The result should be a word-for-word retyping of the entries below, free of pictures.

● ● ● ● ● ● ●

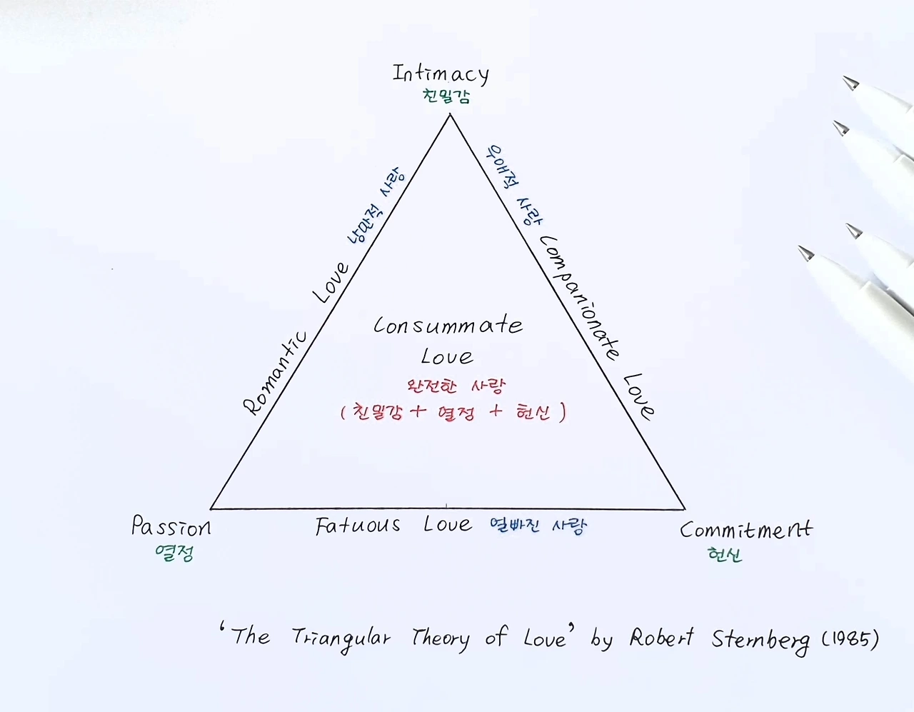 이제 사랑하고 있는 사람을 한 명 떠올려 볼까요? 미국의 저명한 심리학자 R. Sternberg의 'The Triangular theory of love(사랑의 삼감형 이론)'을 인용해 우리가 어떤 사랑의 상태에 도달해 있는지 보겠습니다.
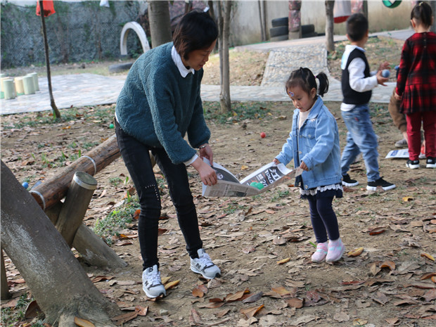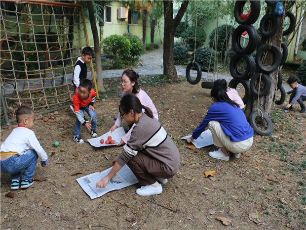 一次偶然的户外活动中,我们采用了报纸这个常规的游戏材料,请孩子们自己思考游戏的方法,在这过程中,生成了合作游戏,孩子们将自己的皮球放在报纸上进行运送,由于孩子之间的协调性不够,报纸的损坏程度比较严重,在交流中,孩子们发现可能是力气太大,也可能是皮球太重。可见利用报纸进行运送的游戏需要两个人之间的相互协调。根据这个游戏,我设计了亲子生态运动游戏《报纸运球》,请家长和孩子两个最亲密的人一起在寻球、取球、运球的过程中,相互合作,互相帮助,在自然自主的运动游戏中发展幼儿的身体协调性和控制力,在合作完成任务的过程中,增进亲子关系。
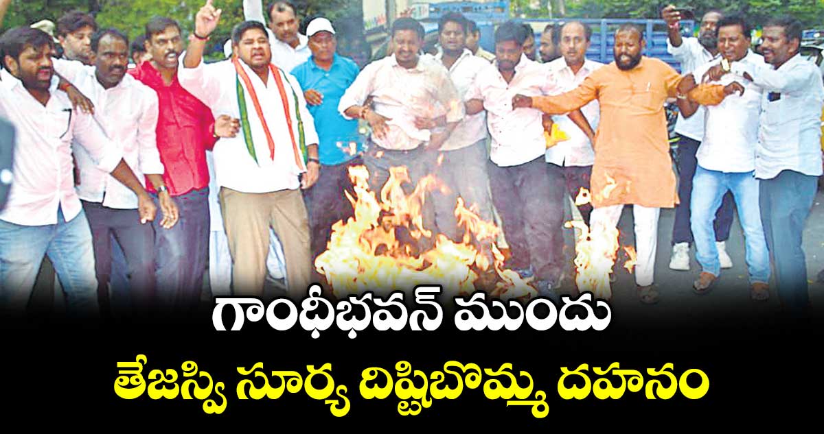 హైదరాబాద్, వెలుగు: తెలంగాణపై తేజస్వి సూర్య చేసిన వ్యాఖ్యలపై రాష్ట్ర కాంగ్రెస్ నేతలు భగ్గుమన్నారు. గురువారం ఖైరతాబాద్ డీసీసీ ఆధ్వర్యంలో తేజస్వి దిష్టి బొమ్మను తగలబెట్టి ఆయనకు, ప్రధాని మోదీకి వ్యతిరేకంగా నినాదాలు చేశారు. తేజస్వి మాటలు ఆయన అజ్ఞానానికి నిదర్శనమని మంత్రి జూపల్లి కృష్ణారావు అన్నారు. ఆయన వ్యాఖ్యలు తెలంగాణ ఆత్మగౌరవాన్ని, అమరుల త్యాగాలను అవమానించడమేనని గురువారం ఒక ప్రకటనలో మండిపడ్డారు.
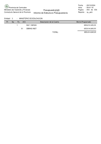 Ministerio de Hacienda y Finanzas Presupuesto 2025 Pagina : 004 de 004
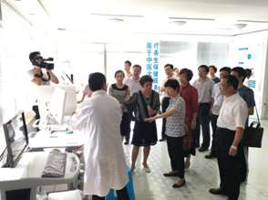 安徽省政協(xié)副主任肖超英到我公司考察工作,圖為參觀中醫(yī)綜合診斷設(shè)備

● ● ● ● ● ● ●

* [Output]:
 이제 사랑하고 있는 사람을 한 명 떠올려 볼까요? 미국의 저명한 심리학자 R. Sternberg의 'The Triangular theory of love(사랑의 삼감형 이론)'을 인용해 우리가 어떤 사랑의 상태에 도달해 있는지 보겠습니다.
 一次偶然的户外活动中,我们采用了报纸这个常规的游戏材料,请孩子们自己思考游戏的方法,在这过程中,生成了合作游戏,孩子们将自己的皮球放在报纸上进行运送,由于孩子之间的协调性不够,报纸的损坏程度比较严重,在交流中,孩子们发现可能是力气太大,也可能是皮球太重。可见利用报纸进行运送的游戏需要两个人之间的相互协调。根据这个游戏,我设计了亲子生态运动游戏《报纸运球》,请家长和孩子两个最亲密的人一起在寻球、取球、运球的过程中,相互合作,互相帮助,在自然自主的运动游戏中发展幼儿的身体协调性和控制力,在合作完成任务的过程中,增进亲子关系。
 హైదరాబాద్, వెలుగు: తెలంగాణపై తేజస్వి సూర్య చేసిన వ్యాఖ్యలపై రాష్ట్ర కాంగ్రెస్ నేతలు భగ్గుమన్నారు. గురువారం ఖైరతాబాద్ డీసీసీ ఆధ్వర్యంలో తేజస్వి దిష్టి బొమ్మను తగలబెట్టి ఆయనకు, ప్రధాని మోదీకి వ్యతిరేకంగా నినాదాలు చేశారు. తేజస్వి మాటలు ఆయన అజ్ఞానానికి నిదర్శనమని మంత్రి జూపల్లి కృష్ణారావు అన్నారు. ఆయన వ్యాఖ్యలు తెలంగాణ ఆత్మగౌరవాన్ని, అమరుల త్యాగాలను అవమానించడమేనని గురువారం ఒక ప్రకటనలో మండిపడ్డారు.
 Ministerio de Hacienda y Finanzas Presupuesto 2025 Pagina : 004 de 004
 安徽省政協(xié)副主任肖超英到我公司考察工作,圖為參觀中醫(yī)綜合診斷設(shè)備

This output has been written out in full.